Setelah berjalan beberapa tahun terakhir, proyek pembangunan kereta api ringan atau Light Rail Transit (LRT) wilayah Jakarta, Bogor, Depok dan Bekasi (Jabodebek) yang dibangun Pemerintah Republik Indonesia (RI), dalam hal ini Kementerian Perhubungan (Kemenhub) RI beserta PT Adhi Karya akan memasuki tahap pengadaan dan pemasangan instalasi sistem persinyalan, dengan menggunakan sistem blok berpindah (Moving Block System).

Hal tersebut ditegaskan oleh Menteri Perhubungan (Menhub) RI, Budi Karya Sumadi setelah rapat pembahasan LRT Jabodebek di Kantor Kementerian Koordinator Bidang Kemaritiman, Thamrin, Jakarta Pusat, Rabu (12/7/2017).

“Tadi kami bicara soal persinyalan ada yang fixed block ada yang moving block. Dengan moving block penumpangnya bisa mendekati 500.000 orang per tahun sedangkan pakai fixed cuma 270.000 orang per tahun. Maka itu saya langsung setuju,” ucapnya.

Dalam hal penggunaan sistem Moving Block ini, PT LEN Industri (LEN) yang memiliki anak perusahaan sistem perkeretaapian, PT LEN Railway System (LRS) ditunjuk oleh Menteri Perhubungan sebagai mitra lokal sekaligus pendamping pemenang lelang untuk penyediaan sistem persinyalan LRT tersebut.
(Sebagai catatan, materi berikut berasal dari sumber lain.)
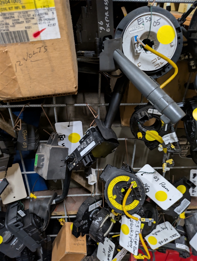 Een gebruikte originele richtingaanwijzer/wisser schakelaar van een Dodge Ram pickup 2002-2008.

“Kami mengarahkan LEN Industri sebagai local partner. Siapapun yang menang kami minta LEN sebagai local partner karena kami ingin LEN jadi perusahaan yang membangun persinyalan di Indonesia, seperti INKA untuk kereta,” tambah Budi.

Sistem Moving Block Sendiri telah digunakan di berbagai negara modern di bidang transportasi umum seperti Jepang dan beberapa negara di benua Eropa. Sistem Moving Block  terdiri dari 2 jenis, diantaranya Communication Based Train Control (CBTC) dan Transmission Based Signal (TBS) yang berfungsi untuk mendeteksi keberadaan posisi kereta saat di lintas dan mengatur kecepatan serta posisi berhenti yang tepat kereta selanjutnya secara otomatis, untuk menjaga jarak aman antar kereta dan menghindari kecelakaan di lintas tersebut.

Dengan ditunjuknya LEN sebagai mitra lokal dan pendampingan untuk pembangunan sistem persinyalan LRT Jabodebek diharapkan mampu meningkatkan kualitas LEN sebagai salah satu industri strategis dalam negeri, serta dapat memperoleh tambahan pengetahuan dari transfer teknologi.